### [REQUIRED ACTION]
Output all the data exactly. Pictures do not belong in the copy.

### [THE DATA]
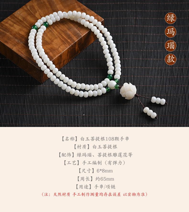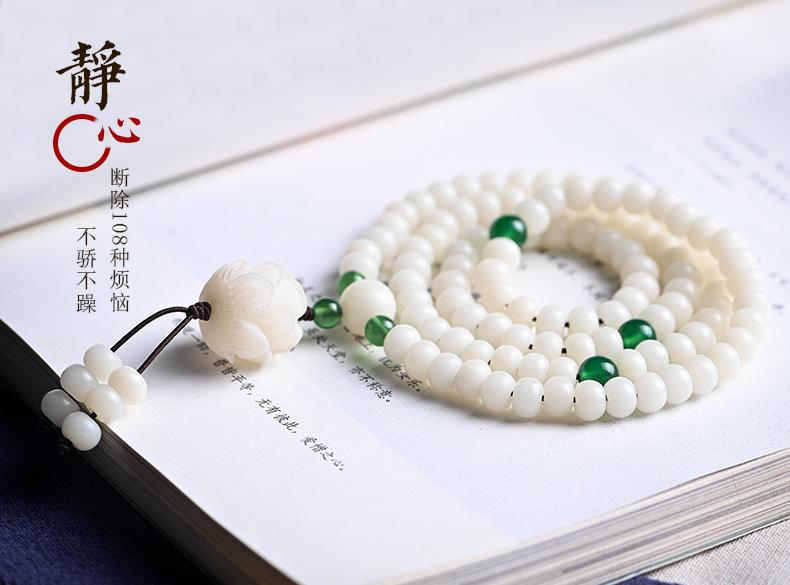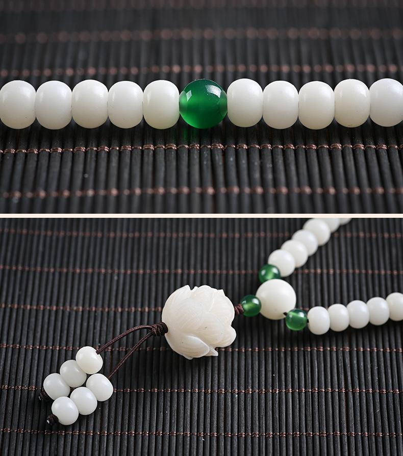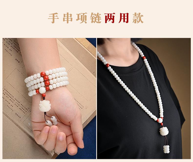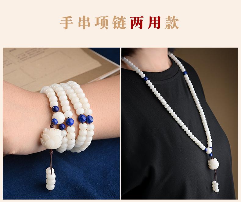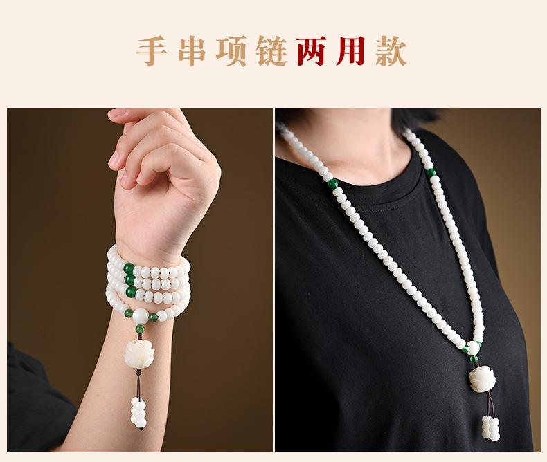 Raiz de bodhi de jade branco 6*8mm 108 contas pulseira colar de dupla finalidade estilo literário retrô combina com tudo
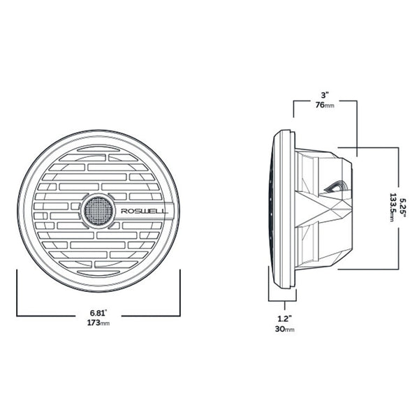 Roswell R1 6.5" Marine Speakers answer the call for clarity and bring a signature sound to every waterway. Defining a culture of acoustic perfection, Roswell R1 Audio has become a catalyst for new experiences, celebrated by those who demand the best. Breaking barriers to deliver R1 Audio in any application, the R1 6.5" was developed to ensure everyone discovers a place where imagination meets sound.
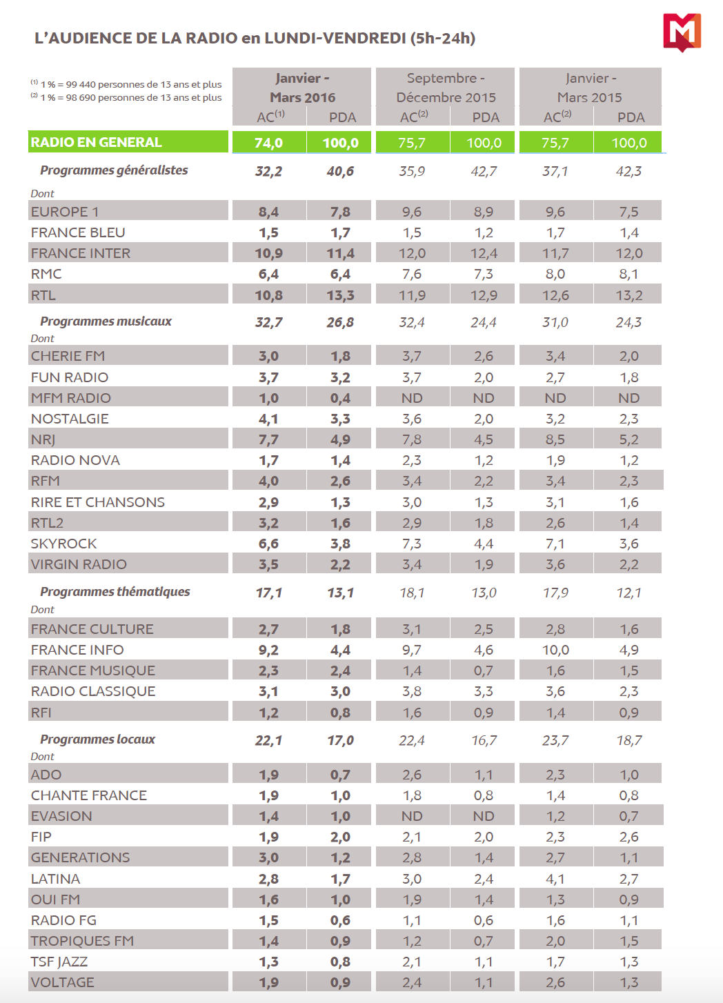 Rappelons que la 126 000 Radio est la mesure d'audience de référence de la radio en France. Elle fournit la mesure permanente de l'audience "Dernières 24 heures" de la Radio et des stations en France, ainsi qu'une description des auditeurs selon les critères socio-démographiques, de consommation et de niveau de vie.
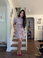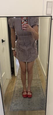 I wore bike shorts underneath because this was way too short for me to feel comfortable without them. But the cut of the dress is super flattering for my hourglass shape!

### [ANSWER FOR THE TASK]
 Raiz de bodhi de jade branco 6*8mm 108 contas pulseira colar de dupla finalidade estilo literário retrô combina com tudo
 Roswell R1 6.5" Marine Speakers answer the call for clarity and bring a signature sound to every waterway. Defining a culture of acoustic perfection, Roswell R1 Audio has become a catalyst for new experiences, celebrated by those who demand the best. Breaking barriers to deliver R1 Audio in any application, the R1 6.5" was developed to ensure everyone discovers a place where imagination meets sound.
 Rappelons que la 126 000 Radio est la mesure d'audience de référence de la radio en France. Elle fournit la mesure permanente de l'audience "Dernières 24 heures" de la Radio et des stations en France, ainsi qu'une description des auditeurs selon les critères socio-démographiques, de consommation et de niveau de vie.
 I wore bike shorts underneath because this was way too short for me to feel comfortable without them. But the cut of the dress is super flattering for my hourglass shape!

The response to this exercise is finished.